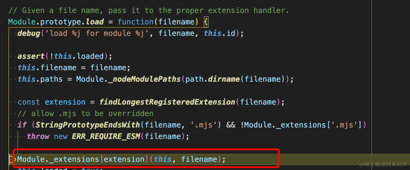 4.接着调试到module.load 方法,该方法中使用了策略模式,Module._extensions[extension](this, filename)根据传入的文件后缀名不同调用不同的方法
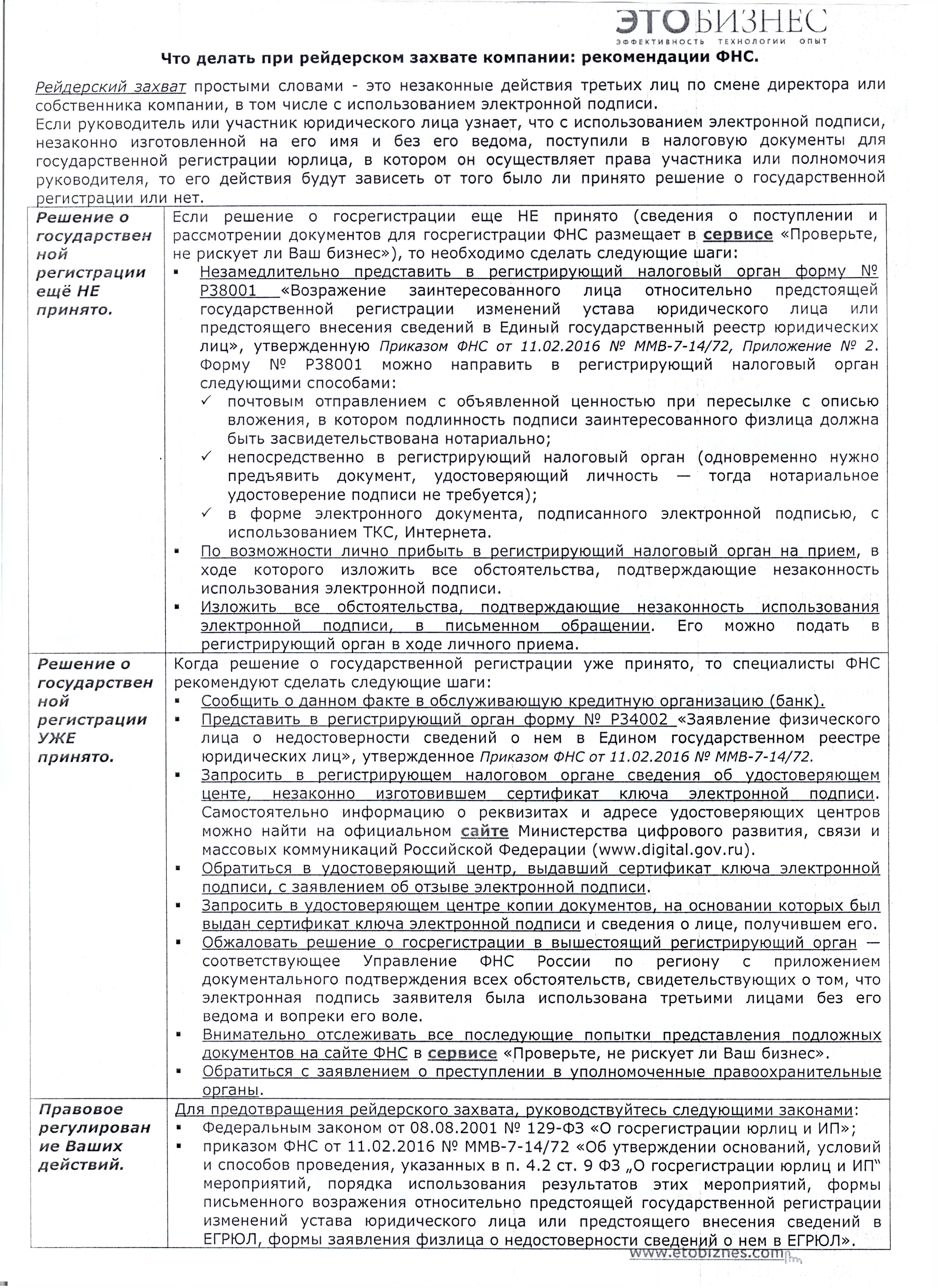 Рекомендации ФНС: что делать при рейдерском захвате компании
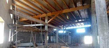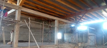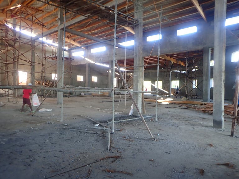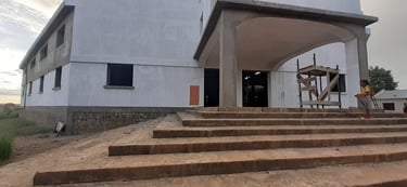 Au mois de février, l'abondance de pluie, habituelle en cette saison, limite les travaux qui peuvent être entrepris. Nous mettons à profit cette période pour ajuster les prévisions de planning pour les prochaines étapes, en fonction des possibilités financières et du calendrier : Nous mettons des bouchées doubles pour que le nouveau bâtiment puisse accueillir les quelques milliers de participants au rassemblement annuel du mois de mai.
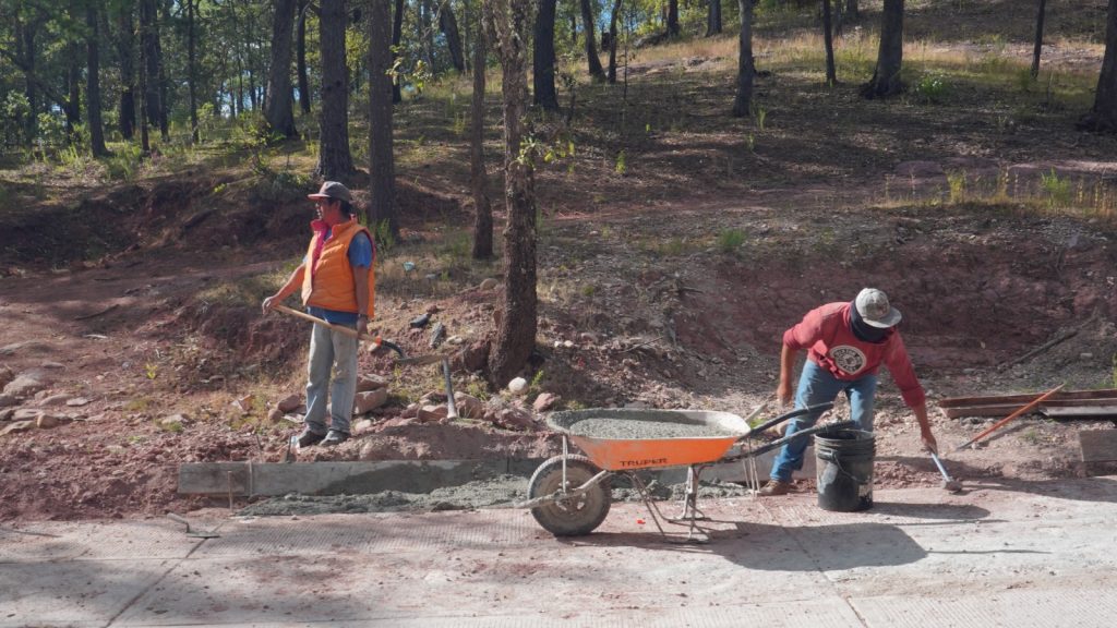 Los Caminos Artesanales consisten en la rehabilitación de terracerías y pavimentación con roderas de concreto hidráulico; en esta acción se emplea la mano de obra de mujeres y hombres de las comunidades, quienes reciben una remuneración económica.

## [WORK TASK]
Copy exactly, and only, the lines from the line containing "Рекомендации ФНС: что" through the final line of the material above, with no pictures.

## [SOLUTION FOR THIS PROBLEM]
 Рекомендации ФНС: что делать при рейдерском захвате компании
 Au mois de février, l'abondance de pluie, habituelle en cette saison, limite les travaux qui peuvent être entrepris. Nous mettons à profit cette période pour ajuster les prévisions de planning pour les prochaines étapes, en fonction des possibilités financières et du calendrier : Nous mettons des bouchées doubles pour que le nouveau bâtiment puisse accueillir les quelques milliers de participants au rassemblement annuel du mois de mai.
 Los Caminos Artesanales consisten en la rehabilitación de terracerías y pavimentación con roderas de concreto hidráulico; en esta acción se emplea la mano de obra de mujeres y hombres de las comunidades, quienes reciben una remuneración económica.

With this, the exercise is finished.